Hello, dear friend, you can consult us at any time if you have any questions, add WeChat: daixieit

 

STAT40800 Data Programming with Python (online)

Data Analysis Project

Autumn 2021/22

 

For this project you will study the 2016 Irish Census data. The census is a detailed account of every person living in Ireland. A census is carried out every 5 years by the Central Statis- tics Office (CSO).

The 2016 Census was broken down into 15 themes, each studying a different component of society. Within each theme there are a number of variables/statistics, e.g. within Theme .l sey. age and maruial tuauzt there is a variable for population aged 20-24, population aged 25-29, population aged 30-34, etc.

For this project you will study 2-4 of the census themes.   You are free to choose which themes to study. You must analyse the data within your chosen themes and use the data to make inferences about the population of Ireland. For example, is the age profile significantly different in Dublin compared to Kerry? Or can we predict the level of unemployment in an area based on based on the age demographic, level of education, gender ratio, etc.

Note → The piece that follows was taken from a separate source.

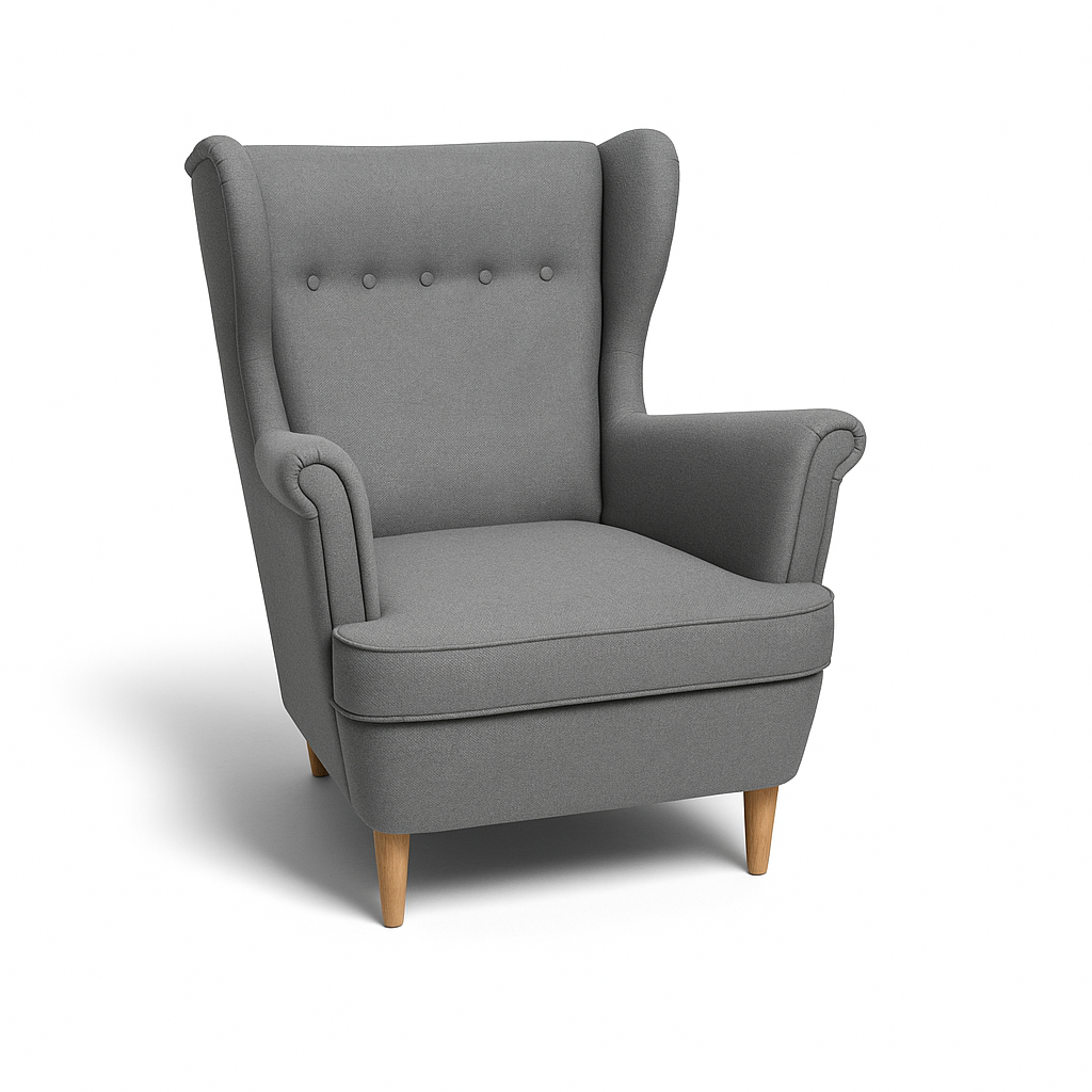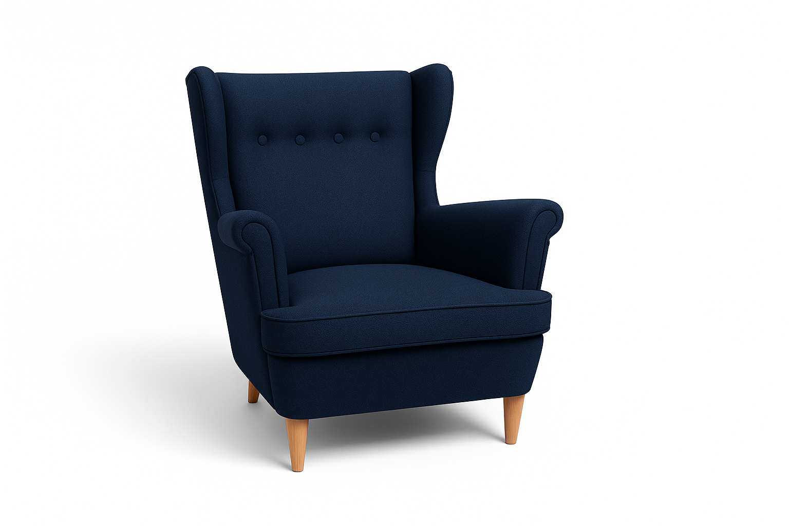Skandinavischer Ohrensessel mit weichen Polstern, dekorativer Knopfheftung und abnehmbarem Zierkissen. Perfekt für Wohnzimmer, Home-Office oder Leseecke.

The census data is provided at three different geographic levels. You are free to use one, two or all three levels. You will find these three datasets along with a glossary for the different variables on Brightspace. The datasets are as follows:

· Glossary.xlsx

This excel spreadsheet contains a description for each of the census variables, separated by theme.

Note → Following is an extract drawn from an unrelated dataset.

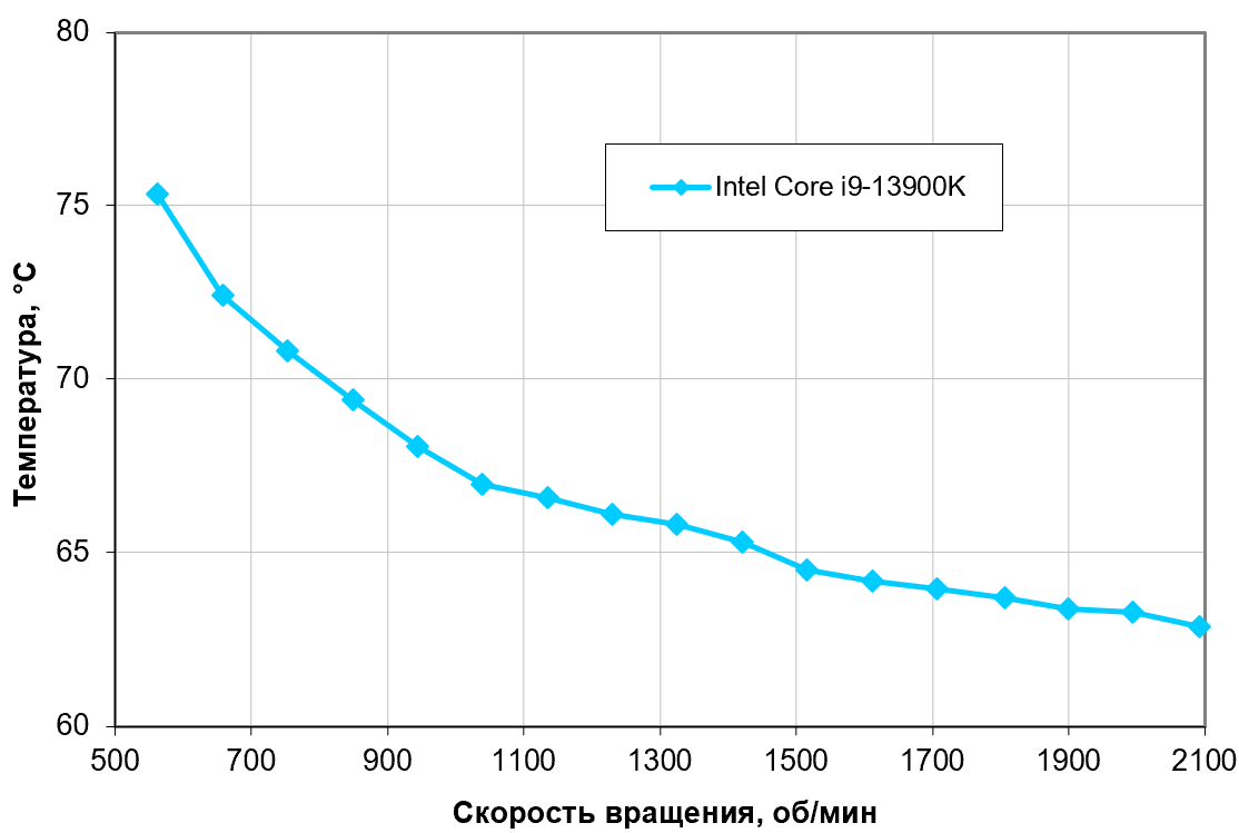 В этом тесте процессор Intel Core i9-13900K не перегревается (при 24 °C окружающего воздуха) на оборотах вентиляторов, достигаемых при снижении КЗ до 20%, что соответствует примерно 562 об/мин. При этом максимальное потребление по данным мониторинга составило порядка 245 Вт, а по разъемам для питания процессора — 282 Вт. Напомним, что базовая мощность этого процессора в полностью штатном режиме составляет всего 125 Вт, а максимальная кратковременная (турбо-лимит) — 253 Вт.

· Census by small area.csv

This CSV file reports the census variables by areas of population with generally 80 to 120 dwellings.  small areat were designed as the lowest level of geography for the compilation of statistics in line with data protection and generally comprise of either complete or partial neighbourhoods.

· Census by electoral area.csv

This CSV file reports the census variables by local electoral area.

· Census by county.csv

This CSV file reports the census variables by administrative county/city, i.e. county/city


councils.  For most counties there is a single county council.  However, some counties, such as Dublin, have a city council plus additional county councils.

 

Your project report should be structured as follows:

1. Introduction:  (~ 1 page) Briefly introduce the 2016 Census: what is it, when did it occur? Provide a description of your selected themes and discuss what was measured within each theme. Discuss what you plan to investigate and what you hope to find.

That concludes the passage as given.